*** Opening of SUPPLIED DATA ***

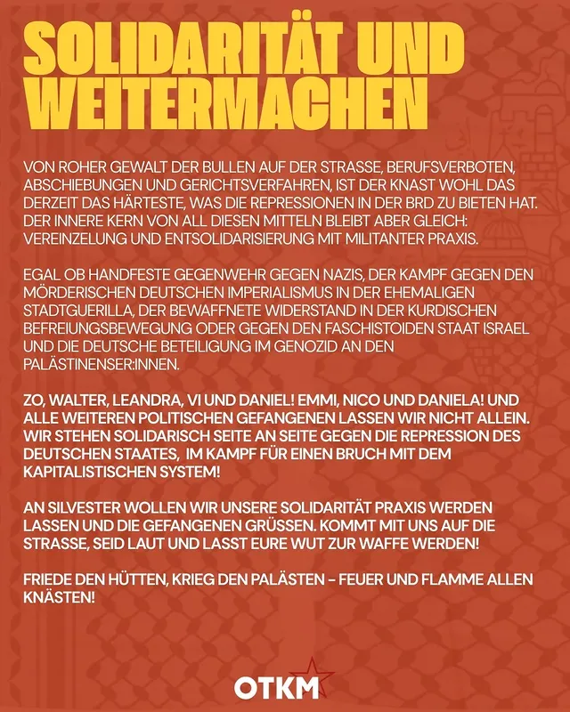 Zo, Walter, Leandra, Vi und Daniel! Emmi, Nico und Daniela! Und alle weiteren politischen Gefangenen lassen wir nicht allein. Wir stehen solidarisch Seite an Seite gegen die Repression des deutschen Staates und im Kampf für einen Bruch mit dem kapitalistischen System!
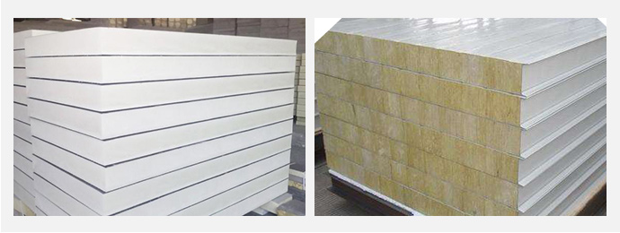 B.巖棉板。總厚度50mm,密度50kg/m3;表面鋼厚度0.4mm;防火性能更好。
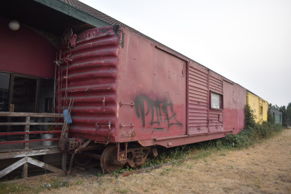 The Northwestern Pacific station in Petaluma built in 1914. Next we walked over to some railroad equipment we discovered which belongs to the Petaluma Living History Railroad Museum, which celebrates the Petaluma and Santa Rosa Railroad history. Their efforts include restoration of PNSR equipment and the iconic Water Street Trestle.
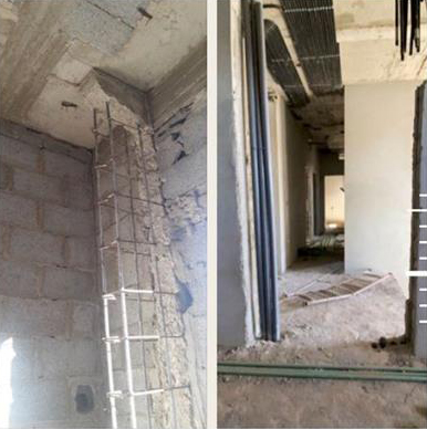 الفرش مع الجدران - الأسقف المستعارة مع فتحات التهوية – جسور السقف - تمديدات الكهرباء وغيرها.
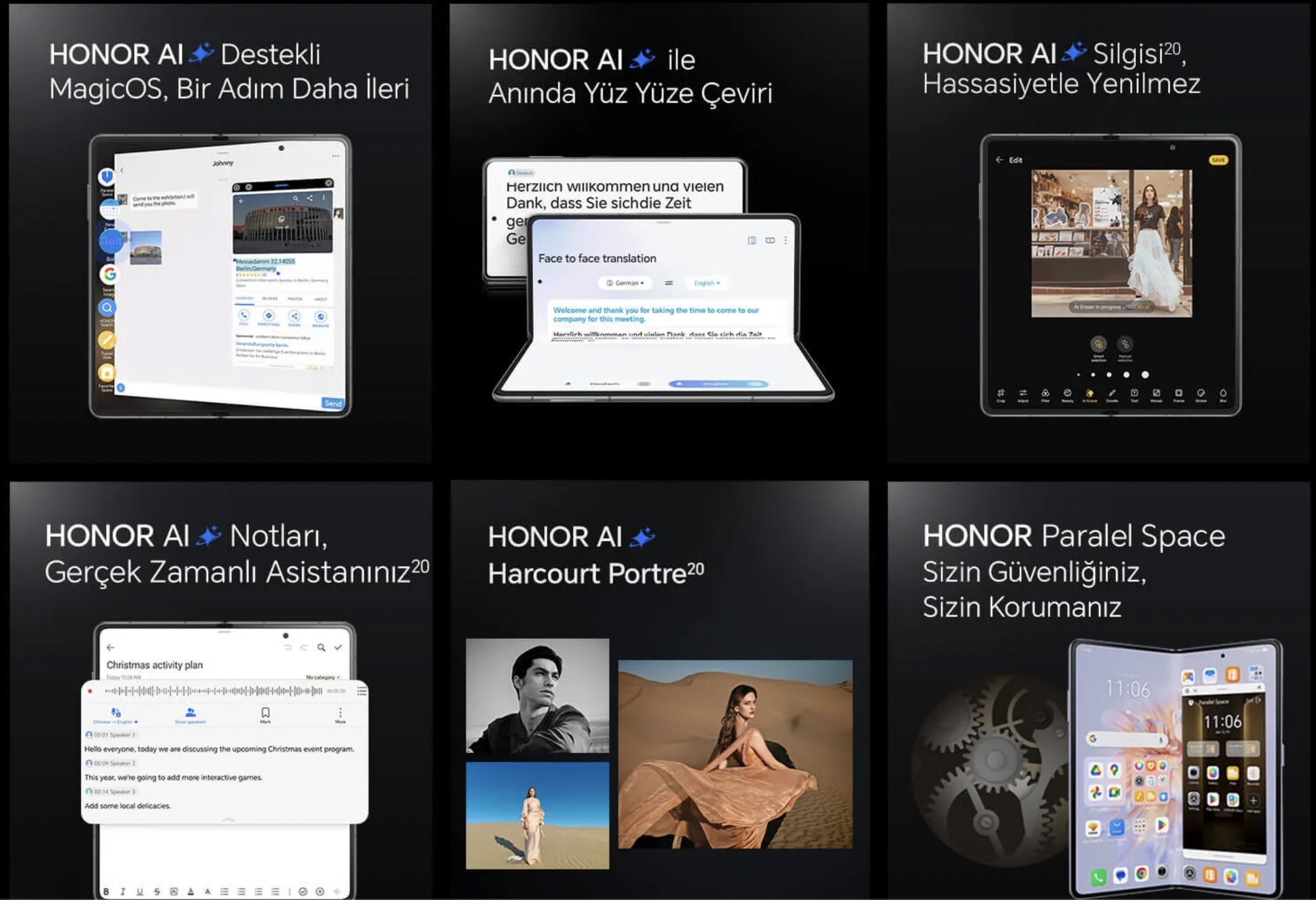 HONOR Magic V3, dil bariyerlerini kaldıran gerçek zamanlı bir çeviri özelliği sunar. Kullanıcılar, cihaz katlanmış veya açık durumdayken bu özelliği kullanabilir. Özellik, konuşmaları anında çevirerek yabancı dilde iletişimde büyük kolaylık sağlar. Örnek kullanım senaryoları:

*** Close of SUPPLIED DATA ***

### WHAT YOU WILL DO
Keep the pictures out and write out the records exactly.

### ANSWER TO THIS TASK
 Zo, Walter, Leandra, Vi und Daniel! Emmi, Nico und Daniela! Und alle weiteren politischen Gefangenen lassen wir nicht allein. Wir stehen solidarisch Seite an Seite gegen die Repression des deutschen Staates und im Kampf für einen Bruch mit dem kapitalistischen System!
 B.巖棉板。總厚度50mm,密度50kg/m3;表面鋼厚度0.4mm;防火性能更好。
 The Northwestern Pacific station in Petaluma built in 1914. Next we walked over to some railroad equipment we discovered which belongs to the Petaluma Living History Railroad Museum, which celebrates the Petaluma and Santa Rosa Railroad history. Their efforts include restoration of PNSR equipment and the iconic Water Street Trestle.
 الفرش مع الجدران - الأسقف المستعارة مع فتحات التهوية – جسور السقف - تمديدات الكهرباء وغيرها.
 HONOR Magic V3, dil bariyerlerini kaldıran gerçek zamanlı bir çeviri özelliği sunar. Kullanıcılar, cihaz katlanmış veya açık durumdayken bu özelliği kullanabilir. Özellik, konuşmaları anında çevirerek yabancı dilde iletişimde büyük kolaylık sağlar. Örnek kullanım senaryoları:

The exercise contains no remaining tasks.